You even mentioned that possibility here too:
https://www.lesswrong.com/posts/gcpNuEZnxAPayaKBY/othellogpt-learned-a-bag-of-heuristics-1#5K5wDoMD2YtSJvfw9
Well, it would certainly be nice if that were true, but all the interpretability research thus far has pointed out the opposite of what you seem to be taking it to. The only cases where the neural nets turn out to learn a crisp, clear, extrapolable-out-many-orders-of-magnitude-correctly algorithm, verified by interpretability or formal methods to date, are not deep nets. They are tiny, tiny nets either constructed by hand or trained by grokking (which appears to not describe at all any GPT-4 model, and it’s not looking good for their successors either). The bigger deeper nets certainly get much more powerful and more intelligent, but they appear to be doing so by, well, slapping on ever more bags of heuristics at scale. Which is all well and good if you simply want raw intelligence and capability, but not good if anything morally important hinges on them reasoning correctly for the right reasons, rather than heuristics which can be broken when extrapolated far enough or manipulated by adversarial processes.
We actually have a resolution for the thread on whether LLMs naturally learn algorithmic reasoning as they scale up with COT vs just reasoning with memorized bags of heuristics, and the answer is that we have both real reasoning, which is indicative of LLMs actually using somewhat clean algorithms, but there are also a lot of heuristic reasoning involved.
So we both got some things wrong, but also got some things right.

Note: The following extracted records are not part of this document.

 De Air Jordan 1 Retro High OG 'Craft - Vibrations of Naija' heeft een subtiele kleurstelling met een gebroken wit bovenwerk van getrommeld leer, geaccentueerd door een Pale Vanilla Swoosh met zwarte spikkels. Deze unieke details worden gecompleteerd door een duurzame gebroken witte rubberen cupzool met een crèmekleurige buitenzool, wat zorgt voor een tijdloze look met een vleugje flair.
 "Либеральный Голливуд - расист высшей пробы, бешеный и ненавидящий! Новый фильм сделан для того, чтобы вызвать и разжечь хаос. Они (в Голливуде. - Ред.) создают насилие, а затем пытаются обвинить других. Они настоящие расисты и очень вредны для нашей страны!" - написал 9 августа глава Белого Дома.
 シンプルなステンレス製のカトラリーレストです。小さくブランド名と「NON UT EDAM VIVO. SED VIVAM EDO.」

The main thing I got wrong was in underestimating how much COT for current models still involves pretty significant memorization/bag of heuristics to get correct answers, which means I have to raise the complexity of human values, given that LLMs didn’t compress as well as I thought, and the thing I got right was that sequential computation like COT does incentive actual noisy reasoning/algorithms to appear, but I was wrong about the strength of the effect, though I was still right to be concerned about the fact that the OthelloGPT network was very wide and skinny, rather than deep and wide, which makes it harder to learn the correct algorithm.
The thread is below:
https://x.com/aksh_555/status/1843326181950828753
I wish someone is willing to do this for the o1 series of models as well.

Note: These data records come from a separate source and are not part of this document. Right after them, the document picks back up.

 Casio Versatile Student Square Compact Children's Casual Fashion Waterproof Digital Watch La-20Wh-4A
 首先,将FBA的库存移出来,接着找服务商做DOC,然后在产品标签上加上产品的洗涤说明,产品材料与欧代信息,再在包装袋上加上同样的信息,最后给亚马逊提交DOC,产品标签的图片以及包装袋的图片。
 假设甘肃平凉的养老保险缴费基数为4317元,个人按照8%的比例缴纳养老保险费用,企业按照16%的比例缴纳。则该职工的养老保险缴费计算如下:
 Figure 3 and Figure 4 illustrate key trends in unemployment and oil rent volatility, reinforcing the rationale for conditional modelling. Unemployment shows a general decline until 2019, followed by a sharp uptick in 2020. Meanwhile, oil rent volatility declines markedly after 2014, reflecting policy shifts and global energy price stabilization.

One other relevant comment is here:
https://www.lesswrong.com/posts/gcpNuEZnxAPayaKBY/othellogpt-learned-a-bag-of-heuristics-1#HqDWs9NHmYivyeBGk
A key crux is that I think those heuristics actually go quite far, because it’s much, much easier to learn a quite close to correct model of human values with simple heuristics and internalize the values from it’s training data as it’s own than it is to learn useful capabilities, and more generally it’s easier to learn and internalize human values as it’s own than it is to learn useful new capabilities, so even under a heuristic view of LLMs where LLMs are basically always learning a bag of heuristics and don’t have actual algorithms, the heuristics for internalizing human values is always simpler than heuristics for learning capabilities, because it’s easier to generate training data for human values than it is to generate any other capability.

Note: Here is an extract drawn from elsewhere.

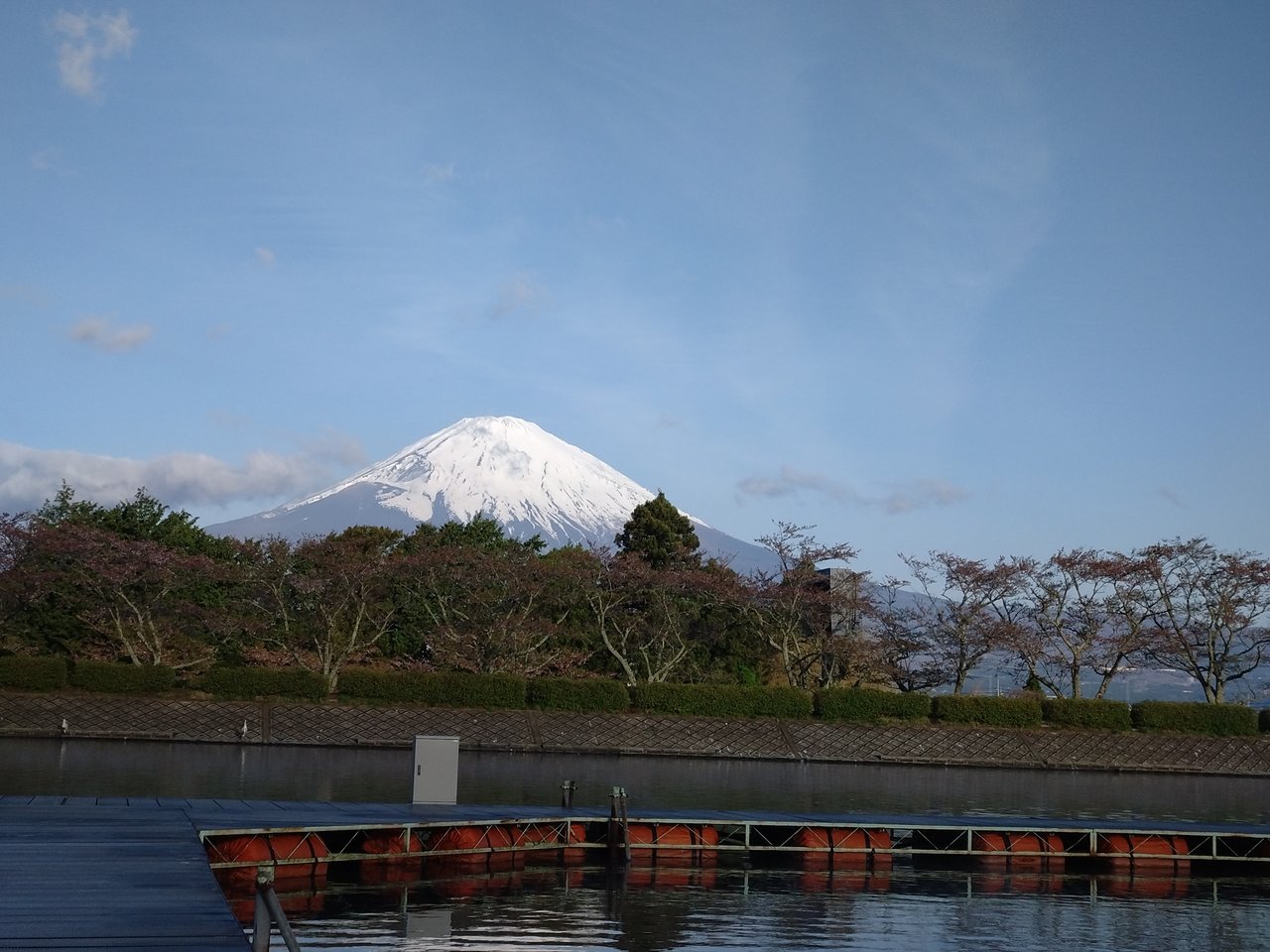 朝一から晴れて富士山もきれいに見え、天気予報では風が強いとのことでしたが、まだ風がなく穏やかな湖面でした。

See below for relevant points:
https://www.beren.io/2024-05-15-Alignment-Likely-Generalizes-Further-Than-Capabilities/
Good point though that the claim that current LLMs are definitely learning algorithms rather than just heuristics was definitely not supported very well by the current interpretability results/evidence, though I’d argue that o1-preview is mild evidence we will start seeing more algorithmic/search parts will be used for AIs in the future (though to be clear I believe a majority of the success comes from it’s data being higher quality, and only fairly little to it’s runtime search.)